● **Description of the task**
Give back exactly the lines of the material below, starting with the line with "как выглядит Under" and going on through the line with "通訊員 許輝 劉博洋 攝)".

● **Provided data**
■ ■ ■ ■ ■

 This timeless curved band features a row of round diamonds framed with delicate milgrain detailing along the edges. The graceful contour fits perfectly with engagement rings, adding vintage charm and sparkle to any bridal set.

■ ■ ■ ■ ■

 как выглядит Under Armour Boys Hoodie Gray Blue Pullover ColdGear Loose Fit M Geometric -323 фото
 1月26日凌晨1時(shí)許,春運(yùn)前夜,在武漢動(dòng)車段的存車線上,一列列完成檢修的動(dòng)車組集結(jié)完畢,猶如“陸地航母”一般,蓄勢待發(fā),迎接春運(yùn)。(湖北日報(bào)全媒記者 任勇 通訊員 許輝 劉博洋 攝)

■ ■ ■ ■ ■

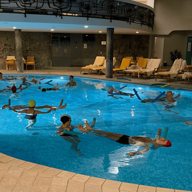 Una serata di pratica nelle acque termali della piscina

■ ■ ■ ■ ■

● **Task solution**
 как выглядит Under Armour Boys Hoodie Gray Blue Pullover ColdGear Loose Fit M Geometric -323 фото
 1月26日凌晨1時(shí)許,春運(yùn)前夜,在武漢動(dòng)車段的存車線上,一列列完成檢修的動(dòng)車組集結(jié)完畢,猶如“陸地航母”一般,蓄勢待發(fā),迎接春運(yùn)。(湖北日報(bào)全媒記者 任勇 通訊員 許輝 劉博洋 攝)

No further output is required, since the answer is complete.